CLINICAL AND RADIOGRAPHIC EVALUATION OF PULPAL AND PERIRADICULAR TISSUE
HTML Full TextCLINICAL AND RADIOGRAPHIC EVALUATION OF PULPAL AND PERIRADICULAR TISSUE
Ranjdar Mahmood Talabani *1, Azheen Jamil Ali 2 and Bamo Namiq Abdulkareem 3
Department of Conservative Dentistry 1, Department of Preventive, Orthodontic and Pediodontic 2, Department of Oral and Maxillofacial Surgery 3, School of Dentistry - Faculty of Medical Sciences/ University of Sulaimani Iraq/Kurdistan Region.
ABSTRACT: Objective: The aim of the present study was to evaluate the clinical and radiographic aspects of pulpal and periradicular tissue for patient undergoes endodontic treatment. Patient and method: The present study was limited to patients who treated endodontically by postgraduate students of Conservative Department, School of Dentistry/Faculty of Medical Sciences between January 2014 to February 2015. A total number of 174 case sheets of patients age ranged from 16 years to 53 years with the mean age being 31.1 years and (92) male and (82) female. The data were categorized according to two parameters, clinical and radiographical evaluation of pulpal and periradicular tissue. Results: Out of the 174 patients who were included in the study, symptomatic irreversible pulpitis (44.25%) was the most common clinical diagnostic disease of pulpal tissue and (45.97%) of cases undergo root canal therapy had normal periradicular tissue. Regarding radiographic assessment of pulpal and periradicular tissue, all criteria (alveolar bone, lamina dura, roots, pulp chamber and pulpal canal) are within the normal limit. Conclusion: Symptomatic irreversible pulpitis was the most common reason for root canal treatment.
Keywords: |
Pulpal and Periradicular Tissue, Clinical and Radiographic Evaluation
INTRODUCTION: Information on reasons for and pattern of a treatment are necessary for understanding disease pattern, performance of previous treatments, determination of cost effectiveness and devising future facilities based on patient needs 1. The dental pulp located in rigid chamber surrounded by dentine, enamel and cementum, which provide strong mechanical support and protection from the microbial rich oral environment.
However, if this rigid shell loses its structural integrity, the pulp is under the threat of the adverse stimuli from the mouth. Several factors such as caries, cracks, fractures and open restoration margins provide pathways for micro-organisms and their toxins to enter the pulp when . The response of the pulp to irritation is inflammation and, if unattended, this will eventually progress to pulp necrosis. Inflammation may spread to the surrounding alveolar bone and cause periapicalpathosis 2.
The objective of endodontic treatment is to prevent or cure apical periodontitis (AP) caused by infection of the root canal systems of the affected teeth or due to persistence of the primary infection or emergence of infection after treatment 3.
Toothaches or odontogenic pain are among the most common form of orofacial pain 4, the diagnosis of dental pulp diseases suffers from the operator’s inability to test/or image that tissue directly because of its location within a relatively hard tissue, dentin.

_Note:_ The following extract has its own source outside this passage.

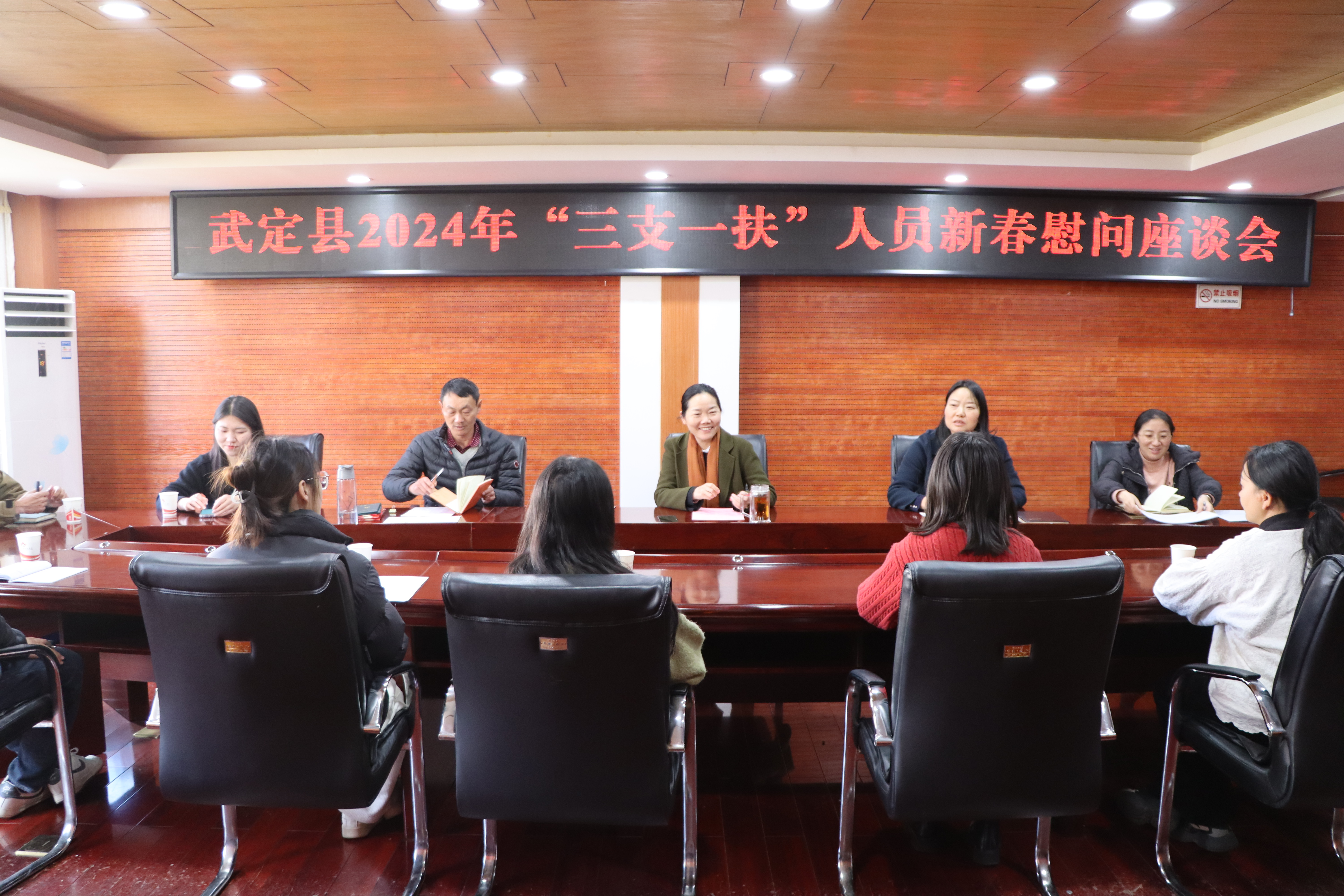 新春佳节来临之际,为深入了解“三支一扶”人员在基层的工作情况,充分体现党和政府对“三支一扶”人员的关怀和厚爱,引导和鼓励更多高校毕业生投身基层工作当中,推动高校毕业生“三支一扶”计划更好实施。1月19日下午,武定县人力资源和社会保障局组织召开了2024年“三支一扶”招募人员新春慰问座谈会。

It appears to be impossible to directly test dental pulp; therefore, all information elicited must be interpreted indirectly from the patient response to a stimulus placed externally to the tissue 5.

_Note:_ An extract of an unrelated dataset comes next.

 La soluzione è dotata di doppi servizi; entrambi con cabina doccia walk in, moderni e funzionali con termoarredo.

The indications are based on the clinical diagnosis of normal pulp, reversible pulpitis (pulp is capable of healing), symptomatic or asymptomatic irreversible pulpitis (vital inflamed pulp is incapable of healing) and necrotic pulp or pulpless (pulp do not respond to vitality test) 6. It might be interesting to try to find these indications that could be obtained from radiographic evidence of periapical radiolucency to diagnose pulpitis. It was impossible to achieve an accurate diagnosis of the state of the pulp on the basis of clinical proof alone; the only accurate method is to do a histological examination 7.
Endodontic diagnosis is similar to a jigsaw puzzle diagnosis cannot be made from a single isolated piece of information. The clinician must systematically gather all of the necessary information to make a “probable” diagnosis. When taking the medical and dental history, the clinician should already be formulating in his or her mind a preliminary but logical diagnosis, especially if there is a chief complaint. The clinical and radiographic examinations in combination with a thorough periodontal evaluation and clinical testing (pulp and periapical tests) are then used to confirm the preliminary diagnosis 8.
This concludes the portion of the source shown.